IN South Africa, we are bombarded by expressions like poor education quality, high graduate unemployment, high skills shortage and slow economic growth. In finding remedial interventions, we may have to ask questions like:
- What are the causes of South Africa’s slow economic growth?
- Will high levels of skills address economic growth?
- What are the causes of high graduate unemployment?
- Does the quality of education relate to the market’s needs?
We need to create collaborations between education, markets and society. The rationale here is that education can produce graduates but will those graduates be what the economy or markets require?
Will these graduates address the high skills shortage? Does education produce graduates who can effectively interact with the markets?
Without triangular partnerships between education, corporates and society, we will eternally produce “unemployable” graduates. We need to discern whether our educational curriculum relates to the market’s requirements.
Society and the markets require pupils/graduates who are able to comprehend, analyse, synthesise and evaluate content. Does our educational curriculum promote these competencies?
Our education curriculum must enable pupils to acquire assertiveness, and analytical, problem-solving and decision-making skills. Education, like other institutions, has to evolve so as to meet changing times.
Inherent in this is that the curriculum in teacher’s colleges also needs to be reviewed. Is the current curriculum at the teacher’s colleges/institutions in sync with current socio-economic and/or global dynamics?
Also important, we must rescript our paradigm by getting rid of this obsession with matric viz-a-viz university entrance. As adults, parents, teachers and society in general, we must passionately and objectively dispel the stereotype in the youth that university is the logical and necessary progression after matric.
Most pupils regard the university as the only learning institution that elevates one’s socio-educational esteem. They register for any generic degree and on completion they then become unemployable because markets are already saturated with generic university degrees.
Not all pupils are “cut out” to pursue the academic route.

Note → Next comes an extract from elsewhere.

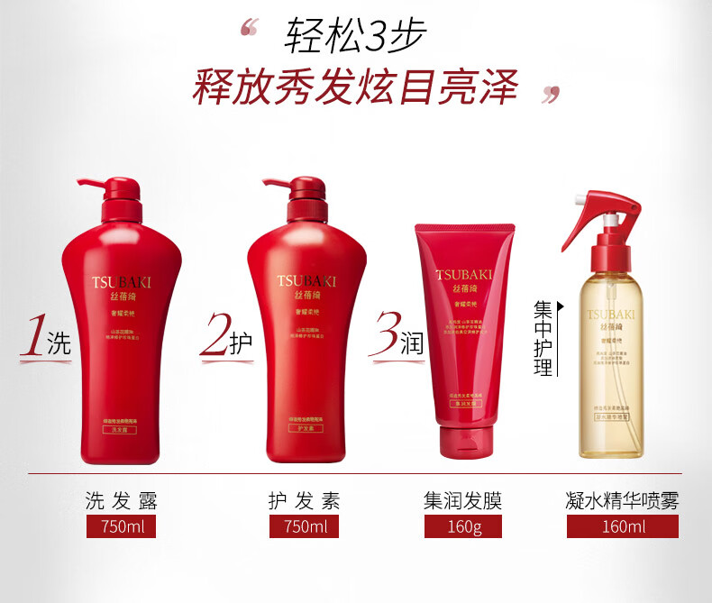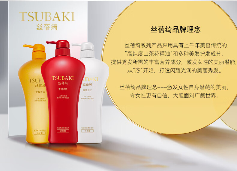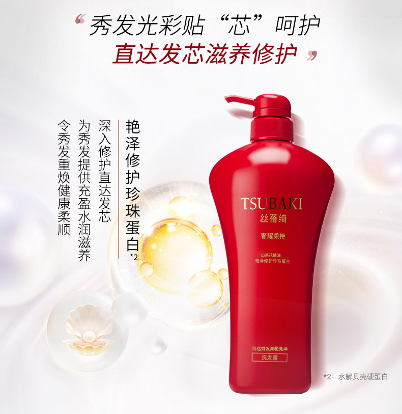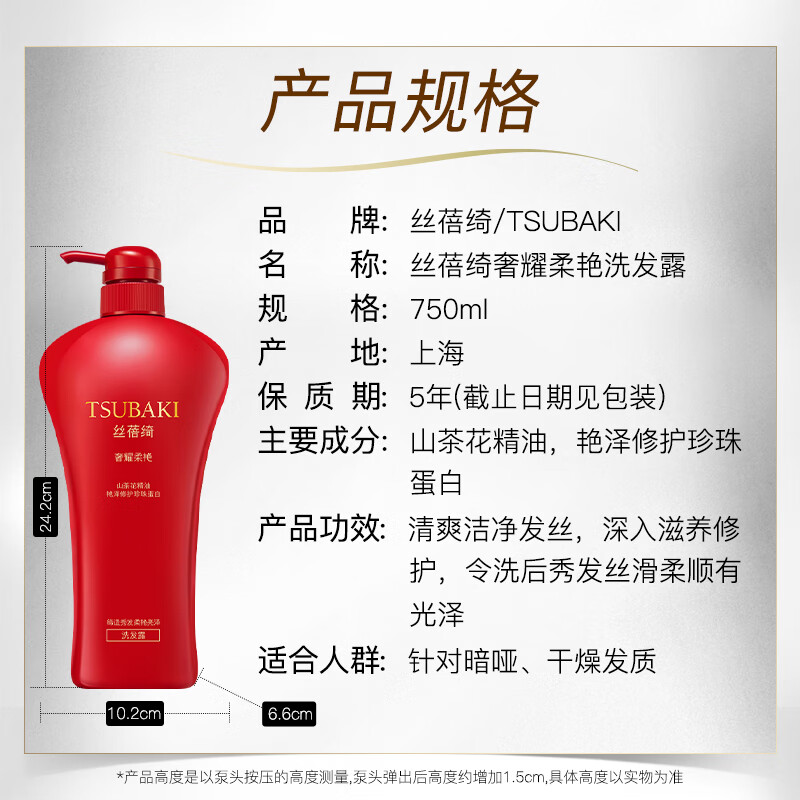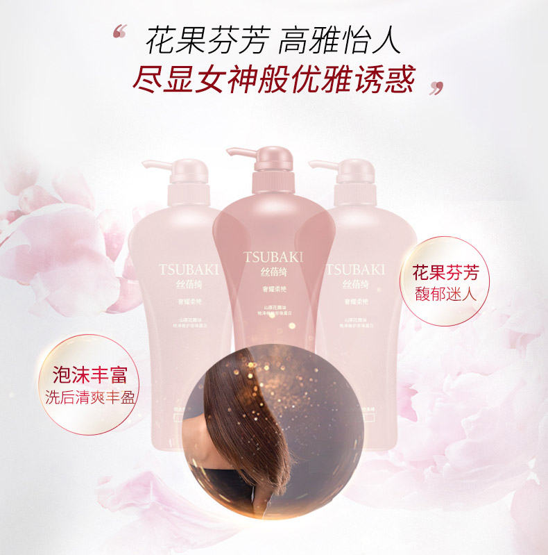 丝蓓绮(TSUBAKI)奢耀柔艳洗发水750ml滋润柔顺蓬松洗头膏男女洗发露改善干枯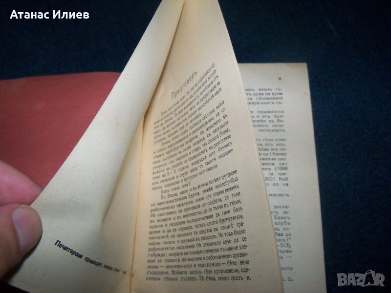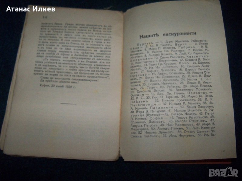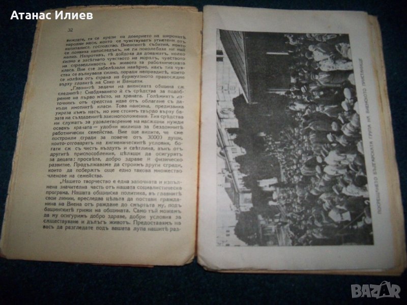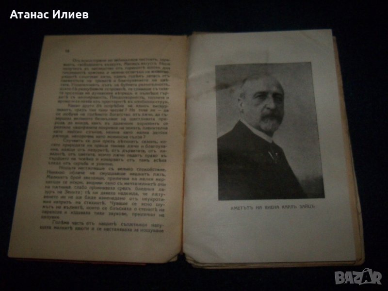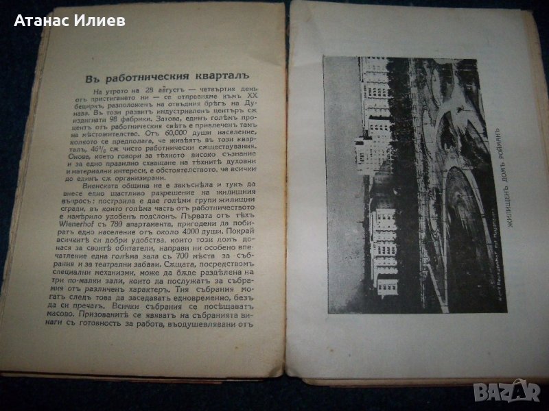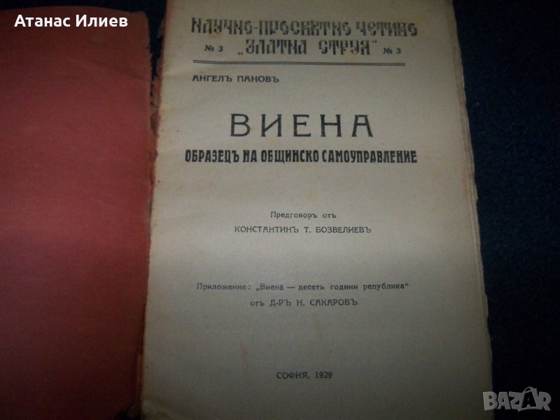"Виена образец на общинско самоуправление" от Ангел Попов, с предговор от Константин Бозвелиев и приложение "Виена - десет години република" от д-р. Никола Сакаров. Книгата е издадена през 1929г. след нарочна екскурзия до Виена, в поредицата "Научно - просветно четиво "Златна струя". Книгата е с меки корици, с фотографии, 120 стр. Съдържа и списък на екскурзиантите.

Some have an inherent aptitude to do well in vocational, trade and technical learning programmes. To a great extent, the current skills shortage in the country can be addressed by qualifications from technical colleges, vocational and trade institutions, FETs, etc.
Also of critical concern is the issue of mathematics in South Africa. Kenya’s subject matter expertise (SME) in mathematics is more than 80%, Zimbabwe’s is close to 70% and elsewhere in Africa it’s more than 60%.
South Africa, however, has an SME of just more than 30% in mathematics. This means, South Africa has got fewer knowledgeable mathematics teachers than other parts of Africa.
I am still baffled by the intended outcomes value of the subject called maths literacy.
Basic as it is, wouldn’t arithmetic achieve the same intended objective? Furthermore, why would such an elementary numeracy intervention be introduced at senior rather than at foundation and intermediate grades? In terms of life-long learning impetus, how far does a pupil go with maths literacy?
It’s now time for a very serious engagement to contribute towards a meaningful education from foundation to intermediate, through senior grades and beyond tomorrow.